[Entries provided]:

Content starts

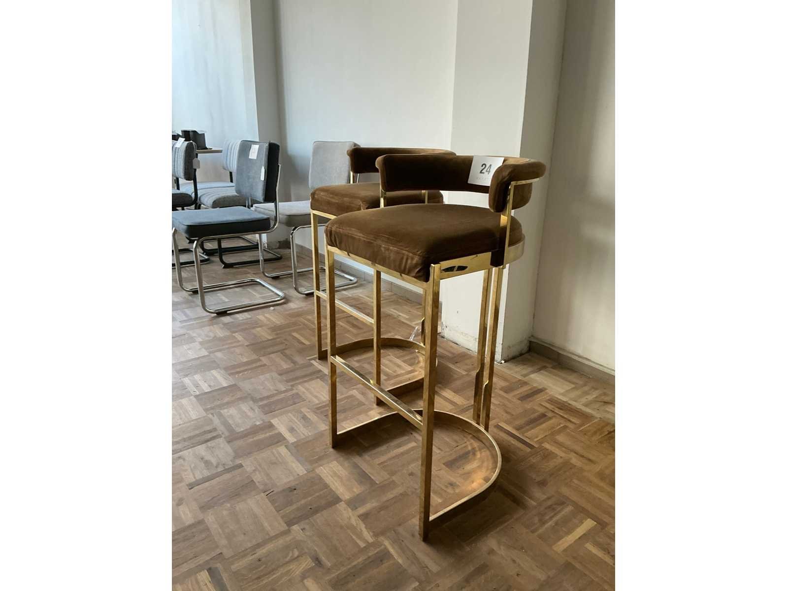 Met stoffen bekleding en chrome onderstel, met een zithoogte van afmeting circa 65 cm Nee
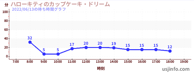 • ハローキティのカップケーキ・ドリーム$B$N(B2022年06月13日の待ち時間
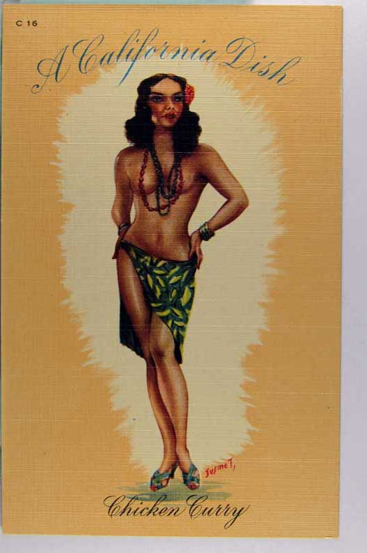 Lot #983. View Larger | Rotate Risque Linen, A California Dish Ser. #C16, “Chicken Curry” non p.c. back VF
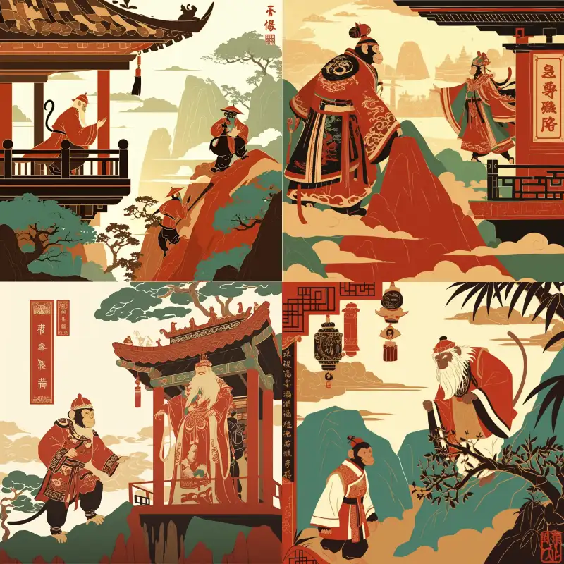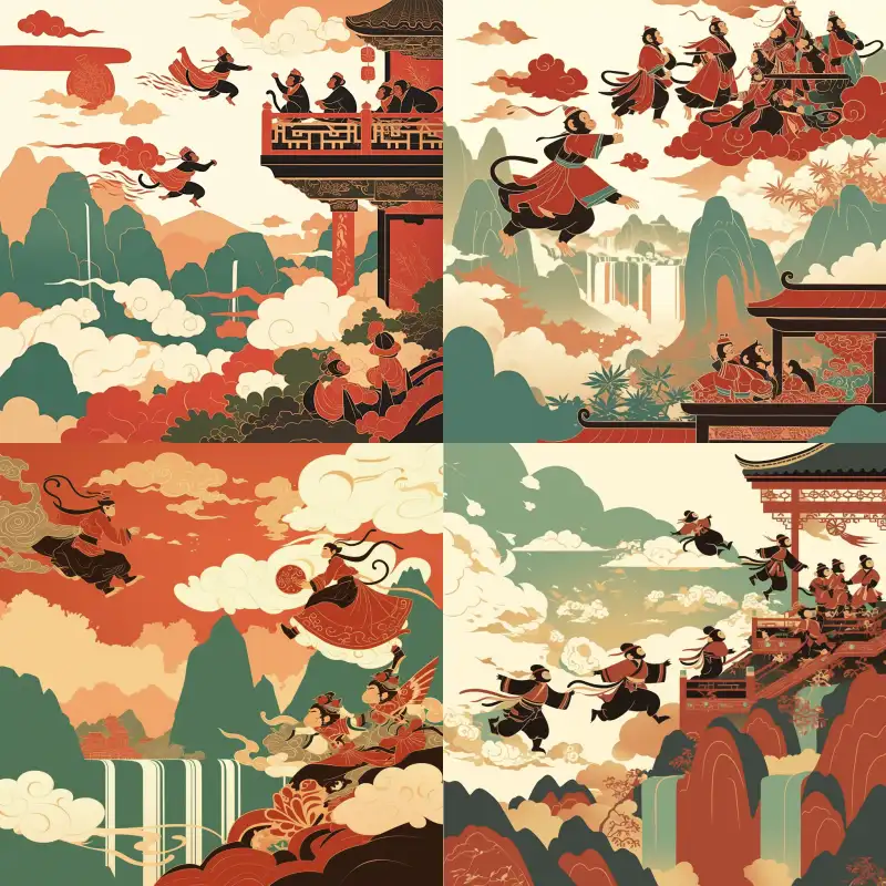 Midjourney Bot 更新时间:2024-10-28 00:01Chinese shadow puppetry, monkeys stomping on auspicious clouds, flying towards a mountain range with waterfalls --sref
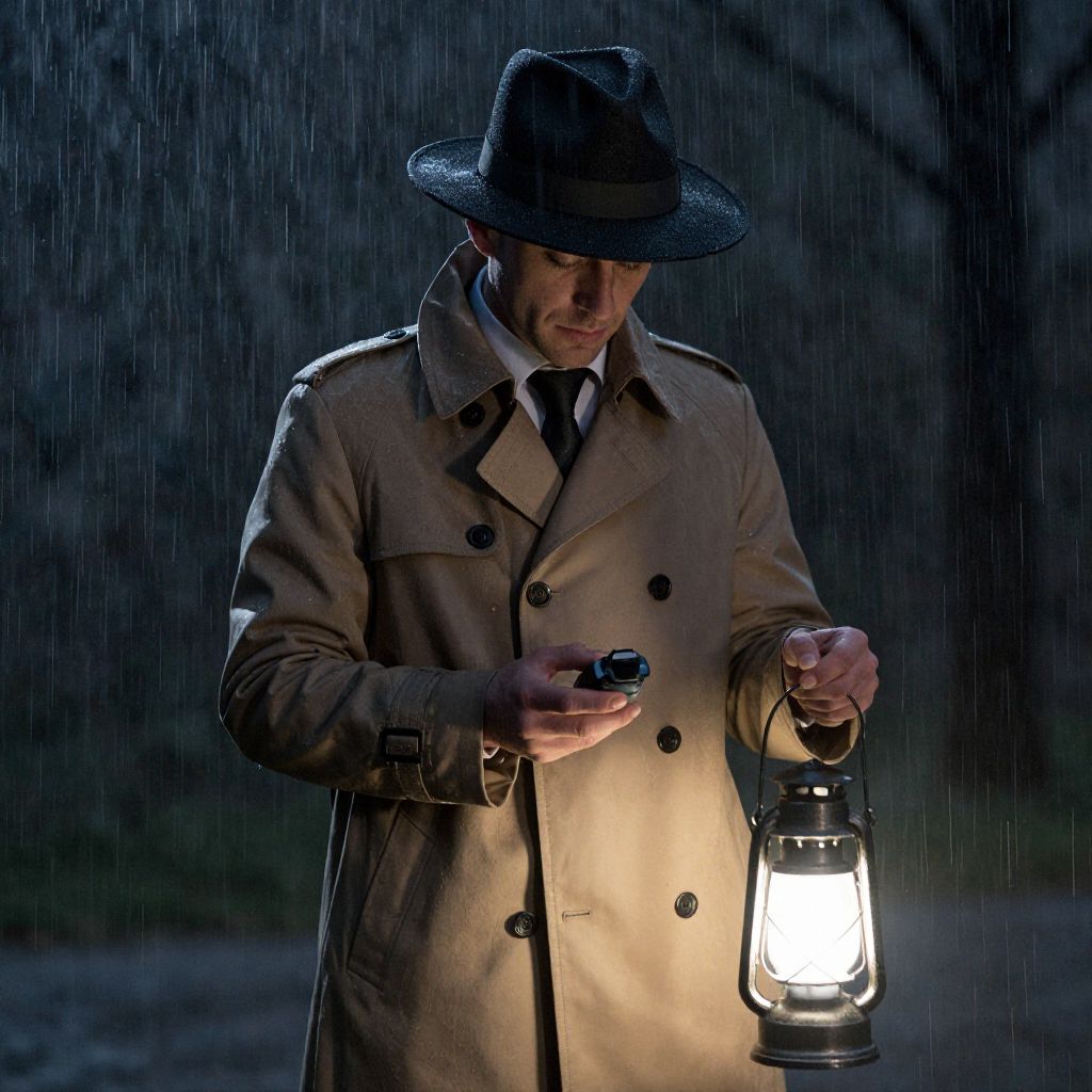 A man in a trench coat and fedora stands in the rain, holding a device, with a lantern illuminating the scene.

Content ends
Content starts

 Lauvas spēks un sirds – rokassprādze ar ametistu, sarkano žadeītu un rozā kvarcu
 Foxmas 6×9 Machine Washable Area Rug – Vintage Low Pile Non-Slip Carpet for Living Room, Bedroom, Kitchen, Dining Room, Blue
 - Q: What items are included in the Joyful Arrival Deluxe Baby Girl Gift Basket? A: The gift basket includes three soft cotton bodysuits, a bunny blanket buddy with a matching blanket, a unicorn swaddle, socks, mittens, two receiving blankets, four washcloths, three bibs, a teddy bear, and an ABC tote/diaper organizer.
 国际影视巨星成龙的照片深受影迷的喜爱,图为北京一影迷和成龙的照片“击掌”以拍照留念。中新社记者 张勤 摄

Content ends

[What this task involves]: Leaving out the pictures, please output the lines in the entries above from the one with "Met stoffen bekleding" through the one with "A man in a trench", exactly as they are.

[Exercise answer]:
 Met stoffen bekleding en chrome onderstel, met een zithoogte van afmeting circa 65 cm Nee
 • ハローキティのカップケーキ・ドリーム$B$N(B2022年06月13日の待ち時間
 Lot #983. View Larger | Rotate Risque Linen, A California Dish Ser. #C16, “Chicken Curry” non p.c. back VF
 Midjourney Bot 更新时间:2024-10-28 00:01Chinese shadow puppetry, monkeys stomping on auspicious clouds, flying towards a mountain range with waterfalls --sref
 A man in a trench coat and fedora stands in the rain, holding a device, with a lantern illuminating the scene.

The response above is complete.